### Task item
In the material below, find the line that contains "1年中使える長袖タイプのプレ" and the line that contains "Åskskyddet placeras bakom", then write out exactly those two lines and everything between them.

### Source information
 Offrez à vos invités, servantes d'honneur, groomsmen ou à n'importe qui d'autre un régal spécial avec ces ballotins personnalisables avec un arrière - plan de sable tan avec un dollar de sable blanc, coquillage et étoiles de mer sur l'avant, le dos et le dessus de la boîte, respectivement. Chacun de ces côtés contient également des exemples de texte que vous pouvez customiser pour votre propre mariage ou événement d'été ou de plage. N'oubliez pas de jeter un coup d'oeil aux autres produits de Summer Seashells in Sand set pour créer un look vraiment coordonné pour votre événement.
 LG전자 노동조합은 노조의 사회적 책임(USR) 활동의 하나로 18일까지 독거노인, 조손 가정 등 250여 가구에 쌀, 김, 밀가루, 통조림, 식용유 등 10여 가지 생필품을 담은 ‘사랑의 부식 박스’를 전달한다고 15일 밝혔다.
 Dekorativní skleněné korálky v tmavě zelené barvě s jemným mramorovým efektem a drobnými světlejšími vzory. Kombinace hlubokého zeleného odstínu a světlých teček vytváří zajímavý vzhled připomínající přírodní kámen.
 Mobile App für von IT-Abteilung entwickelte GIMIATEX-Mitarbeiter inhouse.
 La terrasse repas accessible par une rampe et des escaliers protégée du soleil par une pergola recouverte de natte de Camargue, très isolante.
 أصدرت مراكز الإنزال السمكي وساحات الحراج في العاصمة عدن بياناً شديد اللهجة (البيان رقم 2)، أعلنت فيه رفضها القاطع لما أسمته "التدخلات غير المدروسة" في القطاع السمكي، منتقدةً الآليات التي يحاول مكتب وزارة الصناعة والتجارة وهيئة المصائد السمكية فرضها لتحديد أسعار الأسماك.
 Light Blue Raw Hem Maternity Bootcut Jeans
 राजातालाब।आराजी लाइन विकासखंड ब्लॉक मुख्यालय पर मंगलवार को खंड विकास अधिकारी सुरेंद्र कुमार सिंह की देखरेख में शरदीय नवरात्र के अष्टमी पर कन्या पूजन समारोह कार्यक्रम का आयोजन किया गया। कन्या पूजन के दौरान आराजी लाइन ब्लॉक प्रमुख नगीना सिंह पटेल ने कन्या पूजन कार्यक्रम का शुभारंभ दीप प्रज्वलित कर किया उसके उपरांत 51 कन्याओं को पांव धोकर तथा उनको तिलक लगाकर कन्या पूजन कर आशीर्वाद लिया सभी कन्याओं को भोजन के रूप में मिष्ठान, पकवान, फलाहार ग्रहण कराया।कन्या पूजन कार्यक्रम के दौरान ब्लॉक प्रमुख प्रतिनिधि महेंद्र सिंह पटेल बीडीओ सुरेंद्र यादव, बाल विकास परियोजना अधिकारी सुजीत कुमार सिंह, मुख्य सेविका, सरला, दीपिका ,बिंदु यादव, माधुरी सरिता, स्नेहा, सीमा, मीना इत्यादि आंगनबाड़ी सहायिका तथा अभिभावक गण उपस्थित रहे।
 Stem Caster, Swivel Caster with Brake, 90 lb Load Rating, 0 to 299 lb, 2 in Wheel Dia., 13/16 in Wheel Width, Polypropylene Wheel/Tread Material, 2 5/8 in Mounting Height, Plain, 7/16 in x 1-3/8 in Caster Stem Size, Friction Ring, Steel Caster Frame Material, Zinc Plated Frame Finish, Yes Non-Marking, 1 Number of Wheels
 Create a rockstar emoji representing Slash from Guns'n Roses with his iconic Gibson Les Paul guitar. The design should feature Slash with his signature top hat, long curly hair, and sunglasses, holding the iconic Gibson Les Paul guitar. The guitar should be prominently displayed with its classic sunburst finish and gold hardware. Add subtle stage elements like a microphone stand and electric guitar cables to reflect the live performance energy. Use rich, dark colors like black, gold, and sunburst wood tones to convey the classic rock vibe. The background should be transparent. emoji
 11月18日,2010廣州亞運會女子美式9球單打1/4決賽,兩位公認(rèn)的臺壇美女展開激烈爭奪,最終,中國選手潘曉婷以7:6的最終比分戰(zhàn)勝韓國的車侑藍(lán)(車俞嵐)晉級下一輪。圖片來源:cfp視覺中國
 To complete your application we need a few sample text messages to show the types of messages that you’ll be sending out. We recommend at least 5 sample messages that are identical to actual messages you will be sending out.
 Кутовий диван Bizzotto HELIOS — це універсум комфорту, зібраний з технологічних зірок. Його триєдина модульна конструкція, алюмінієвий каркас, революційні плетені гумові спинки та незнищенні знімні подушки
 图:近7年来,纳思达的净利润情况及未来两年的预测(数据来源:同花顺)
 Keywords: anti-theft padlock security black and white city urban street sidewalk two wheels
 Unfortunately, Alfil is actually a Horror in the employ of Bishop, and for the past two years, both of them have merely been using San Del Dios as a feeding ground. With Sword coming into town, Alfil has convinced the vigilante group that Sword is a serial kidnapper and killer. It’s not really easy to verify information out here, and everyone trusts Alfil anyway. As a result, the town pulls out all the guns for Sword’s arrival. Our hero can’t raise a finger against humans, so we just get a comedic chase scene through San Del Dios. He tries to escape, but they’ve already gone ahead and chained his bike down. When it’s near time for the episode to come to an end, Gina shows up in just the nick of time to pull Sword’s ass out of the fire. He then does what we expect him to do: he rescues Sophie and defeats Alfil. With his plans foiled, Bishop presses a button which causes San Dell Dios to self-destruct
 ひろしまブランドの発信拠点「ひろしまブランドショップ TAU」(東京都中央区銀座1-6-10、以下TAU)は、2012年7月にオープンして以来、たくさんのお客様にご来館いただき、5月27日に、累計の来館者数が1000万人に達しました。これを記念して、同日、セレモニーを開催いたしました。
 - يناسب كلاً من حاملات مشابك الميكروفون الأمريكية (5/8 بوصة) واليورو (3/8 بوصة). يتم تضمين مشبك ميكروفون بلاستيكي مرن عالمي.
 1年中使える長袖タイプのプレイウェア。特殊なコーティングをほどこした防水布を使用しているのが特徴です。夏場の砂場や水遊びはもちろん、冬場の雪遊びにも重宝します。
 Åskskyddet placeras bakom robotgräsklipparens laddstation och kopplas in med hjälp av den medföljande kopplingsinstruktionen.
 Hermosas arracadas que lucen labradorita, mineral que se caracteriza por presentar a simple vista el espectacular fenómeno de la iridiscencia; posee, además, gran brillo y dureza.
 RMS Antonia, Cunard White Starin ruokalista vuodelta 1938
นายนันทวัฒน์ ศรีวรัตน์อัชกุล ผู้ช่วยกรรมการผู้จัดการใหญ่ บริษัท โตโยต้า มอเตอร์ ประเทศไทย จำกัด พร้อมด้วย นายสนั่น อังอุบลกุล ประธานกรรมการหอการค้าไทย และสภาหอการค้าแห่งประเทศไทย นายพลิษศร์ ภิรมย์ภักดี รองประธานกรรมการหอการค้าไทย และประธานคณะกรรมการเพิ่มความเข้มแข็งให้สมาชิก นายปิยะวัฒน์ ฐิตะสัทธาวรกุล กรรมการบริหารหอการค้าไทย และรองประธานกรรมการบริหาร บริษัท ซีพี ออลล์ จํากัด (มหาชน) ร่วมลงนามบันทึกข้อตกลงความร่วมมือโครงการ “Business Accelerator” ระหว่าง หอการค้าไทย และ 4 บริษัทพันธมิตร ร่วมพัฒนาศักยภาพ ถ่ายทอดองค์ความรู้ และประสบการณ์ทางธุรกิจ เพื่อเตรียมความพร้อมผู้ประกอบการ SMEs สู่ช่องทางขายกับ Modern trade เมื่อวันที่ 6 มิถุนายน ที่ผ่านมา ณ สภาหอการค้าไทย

### Answer section
 1年中使える長袖タイプのプレイウェア。特殊なコーティングをほどこした防水布を使用しているのが特徴です。夏場の砂場や水遊びはもちろん、冬場の雪遊びにも重宝します。
 Åskskyddet placeras bakom robotgräsklipparens laddstation och kopplas in med hjälp av den medföljande kopplingsinstruktionen.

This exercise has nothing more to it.